Я зеваю, и Вадим поднимает указательный палец: наверх. Иди наверх. Сколько раз я у них ночевал, всегда на втором этаже, в одной и той же комнате. Иди в твою комнату, говорил Вадим – и Рогнеда стала говорить. Зимой мне давали второе одеяло и включали калорифер: батареи грели по-дачному, к утру слабее, я подмерзал. Летом оставляли только простыню, но в жаркие дни нагревшаяся крыша долго не остывала, я сдвигал простыню ступнями в край и там сминал – чтобы не касалась, не покушалась на мою первозданную свободу, однако была достижима. Я и они говорили «первозданная», неосознанно поддерживая манеру речи, с годами укоренившуюся в нас. В той же манере следовало сказать – «прилипшую».
Поднялся, свернул в ванную, чистанулзубы щеткой, по поверью закрепленной за мной, вышел, чувствуя себя уже наполовину лежащим в кровати. По лестнице грузно всходил Вадик, в левой руке держал бутылку недопитого «Джонни», в правой ночной горшок, передал мне торжественно то и другое. И я припластался к кровати своими половинами, четвертями, осьмушками – весь. Заснув еще до того, как начал к ней наклоняться.

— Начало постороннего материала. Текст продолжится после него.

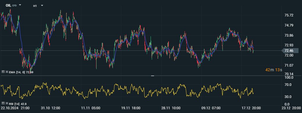 Ceny ropy Brent sa pohybujú okolo 73 USD za barel, pričom signál Fedu o pomalšom znižovaní sadzieb vyvoláva obavy zo slabšieho globálneho dopytu. Zdroj: xStation5
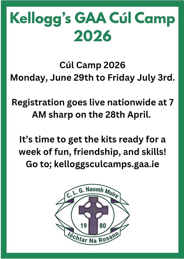 We are thrilled to announce the dates for our Kellogg’s GAA Cúl Camp 2026.
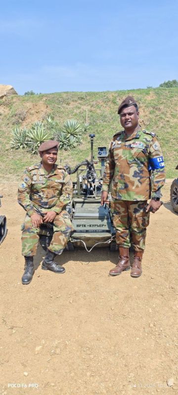 НРТК "Курьер" с офицерами ланкийской армии в центре подготовки Сухопутных войск в Демократической Социалистической Республике Шри-Ланка, где прошли первые совместные российско-ланкийские учения "Тропа росомахи - 2025".
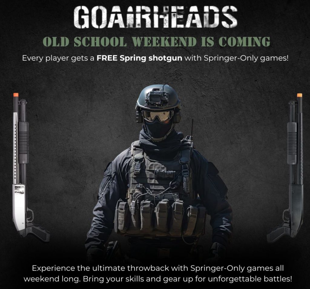 Old School Day is coming back for Old School WEEKEND over Valentine’s Day Weekend! February 13th, 14th and 15th come on out! Hours are from 10:00 am – 5:00 pm. All entrances get a FREE spring shotgun! We will be switching between “Old School” (springer ONLY) games, and our “Normal” (AEG/HPA, etc.) games throughout the … Continue reading “Old School” Weekend! 2/13th, 14th & 15th
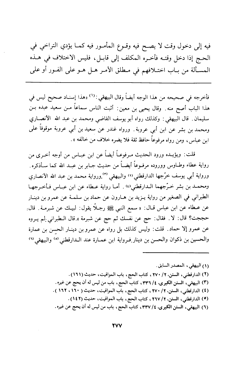 قلت: ويؤيده ورود الحديث مرفوعًا أيضًا عن ابن عباس من أوجه أخرى من رواية عطاء وطاوس ووروده مرفوعًا أيضًا من حديث جابر بن عبد الله كما سأذكره. ورواية أبي يوسف خرّجها الدارقطني والبيهقي. ورواية محمد بن عبد الله الأنصارىِ ومحمد بن بشر خرّجهما الدارقطني. أما رواية عطاء عن ابن عباس فأخرجها الطبراني في الصغير من رواية يزيد بن هارون عن حماد بن سلمة عن عمرو بن دينار عن عطاء عن ابن عباس قال: "سمع النبي - صلى الله عليه وسلم - رجلًا يقول: لبيك عن شبرمة. قال: حججت؟ قال: لا. فقال: حج عن نفسك ثم حج عن شبرمة". قال الطبراني: لم يروه عن عمرو إلا حماد. قلت: وليس كذلك بل رواه عن عمرو بن دينار الحسن بن عمارة والحسين بن ذكوان والحسن بن دينار فرواية ابن عمارة عند الدارقطني والبيهقي
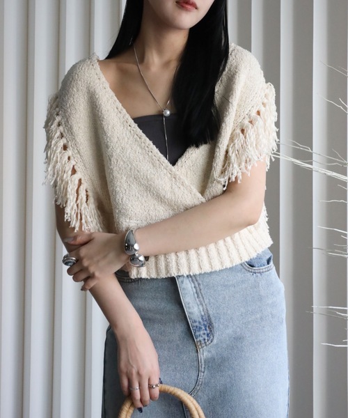 【テープヤーンフリンジカシュクールニットベスト】YENNA 2026 SS 新作袖のフリンジが可愛い!1枚プラスするだけで一気におしゃれに決まります!・深めのVネックとショート丈でバランがスよく見え、すっきりとした大人な印象に・袖元のフリンジが存在感抜群なので、一気に華やかになります・パンツに合わせればカジュアルスタイルに、スカートに合わせれば女性らしいコーデに・ワンピースと合わせても可愛い!着回し力も抜群です!------------------------透け感/なし光沢感/なし伸縮性/あり裏地/なし厚み/厚手------------------------※着用中の摩擦や、汗、水濡れにご注意ください。濃色品は、色落ちや他のものへ色移りすることがあります。※着用中や着脱の際、バッグやベルト、アクセサリーなどによる引っ掛けにご注意ください。【必ずご確認の上、ご検討ください】※商品画像は撮影時の光や角度、お使いのモニター環境により実物の色味と異なって見える場合がございます。※サイト上のカラー・サイズ表記と商品タグのカラー名・サイズ名が異なる場合がございます。※着用、お取り扱いの際は商品についておりますアテンションタグ、洗濯ネームを必ずご確認ください。※生産時期により、色・素材・サイズ感など多少異なる場合がございます。※商品によっては、繊維や染料のにおいが感じられる場合がございます。数日のご使用や陰干しなどで匂いはほとんど感じられなくなりますのでお試しください。※通販の特性上、到着時には畳みシワがついている場合がございます。【Information】◆《お気に入り登録》がオススメ◆・「商品のお気に入り登録」で再入荷通知や、ラストの通知、セール通知も受け取ることが出来ます。・「ブランドのお気に入り登録」で新商品や再入荷など、お得な情報を受け取ることが出来ます。※ご注文いただいた予約商品のお届け時期の確認は、注文履歴ページより行えます。公式InstagramやTikTok、WEARでは、スタイリングや新作アイテムの情報を公開中!ぜひチェックしてみてください!Instagram TikTok →【@yenna_ye_official】WEAR →【@yennastaff】
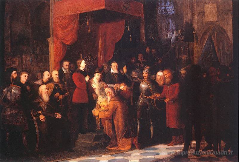 Ti offriamo una riproduzione artigianale su tela dell'opera famosa 'Incoronazione del primo re dC 1001' di Jan Matejko, dal Museo delle Riproduzioni.
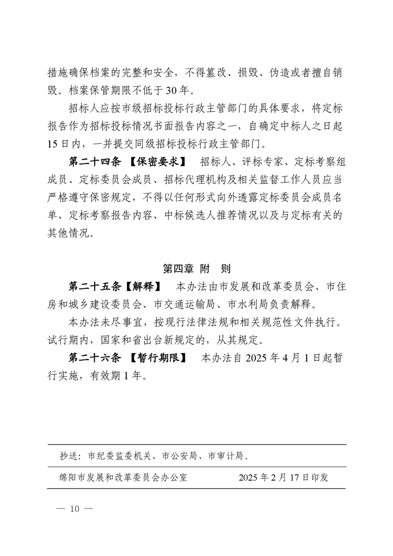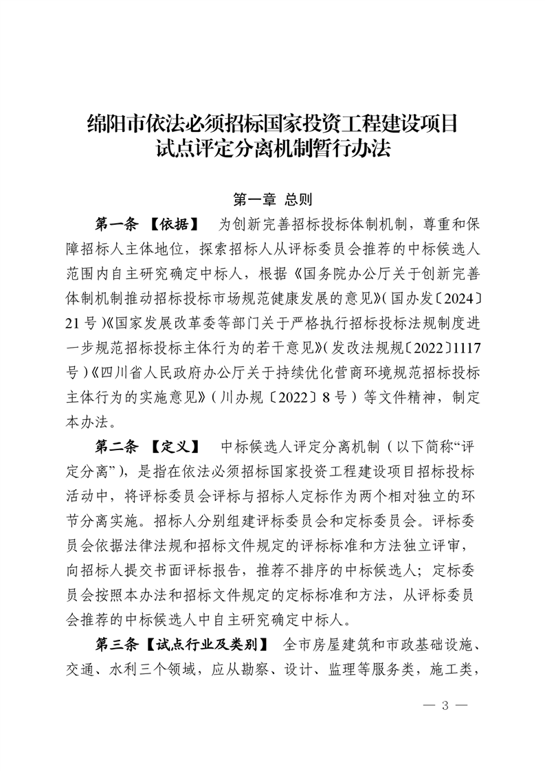 綿陽市依法必須招標國家投資工程建設項目試點評定分離機制暫行辦法(2025.2.28發(fā)布)
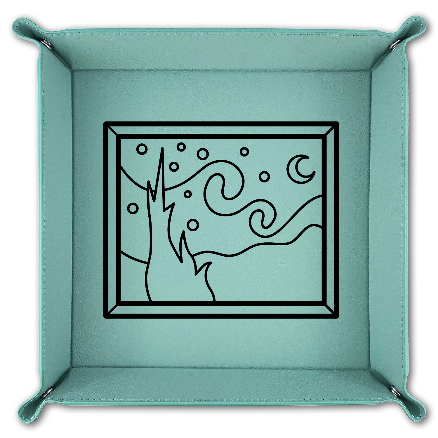 The leatherette wraps the hard board base and sides with flexible hinges to fold the sides up. The corners are secured using silver snaps. The 6in x 6 in tray measures approximately 9.5in x 9.5in when laid flat. The 9in x 9in tray measures approximately 13in x 13in when laid flat.
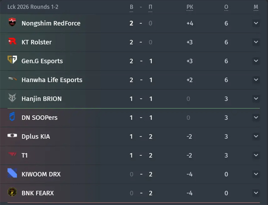 Sau ngày thi đấu này, Gen.G Esports và Hanwha Life Esports tạm thời dẫn đầu bảng với hai chiến thắng. Ngược lại, T1 và Dplus KIA đang đối mặt áp lực lớn khi cùng sở hữu thành tích 1 thắng – 2 thua, buộc phải cải thiện phong độ nếu không muốn sớm bị bỏ lại trong cuộc đua playoffs và giành vé dự MSI 2026.
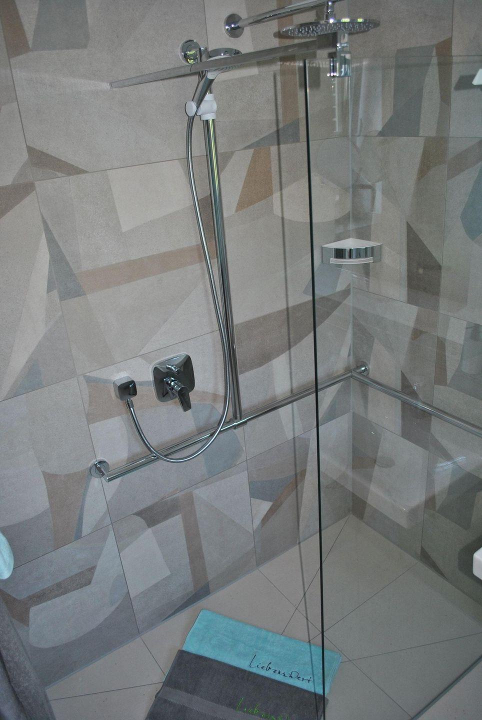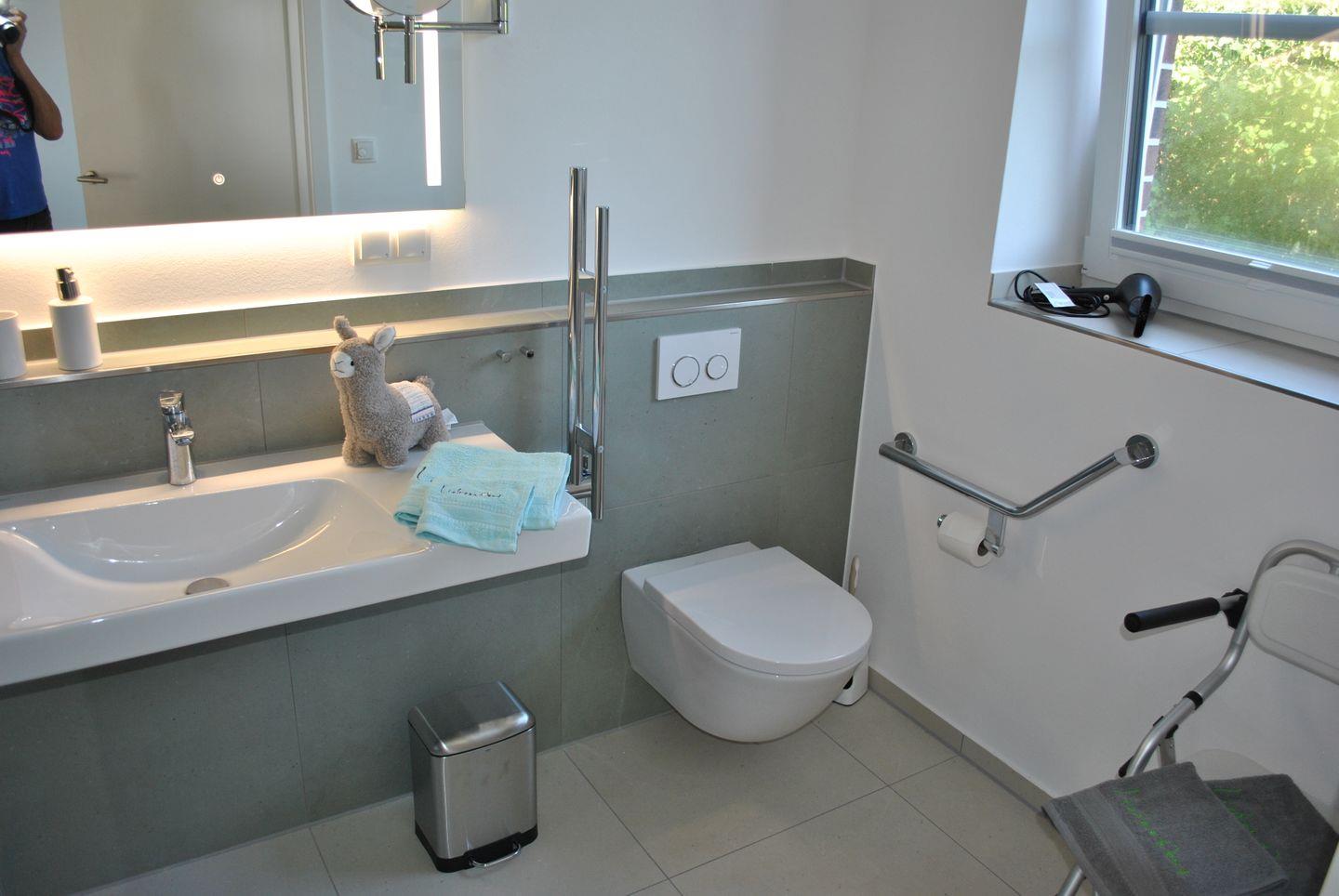 Das Badezimmer ist mit einer bodengleichen Dusche und einem Duschrollstuhl ausgestattet. Durch verschiedene, zusätzliche Haltegriffe in der Dusche und an der Toilette, ist das Badezimmer auch für Menschen mit Handicap, geeignet.

Я проснулся с начинающимся светом, было прохладно, я подтянул пяткой простыню и укрылся. Лежал на спине, глаза закрыты. Сон был где-то рядом, но путавшийся с дневной ясностью. Что-то приятное, однако с маленькой легонькой как будто порчей. Всех их увидеть по телевизору было славно. Да, именно это – приятно. Но все все-таки в первую очередь старики, вот главное впечатление. Старикам не надо говорить. Особенно выступать, особенно в телевидении – не надо. Бормочите друг другу. Друг-други сами это знают. Говорить лучше помоложе. Когда живут еще к неизвестному итогу, не окончательно, не вполне предсказуемо. Им надо настаивать, противоречить, побеждать. А старики говорят никому. Они умирание. Вместо поколения умирание. Жаль. Это, что ли, порча? Ну да, это тоже порча, но это общее место.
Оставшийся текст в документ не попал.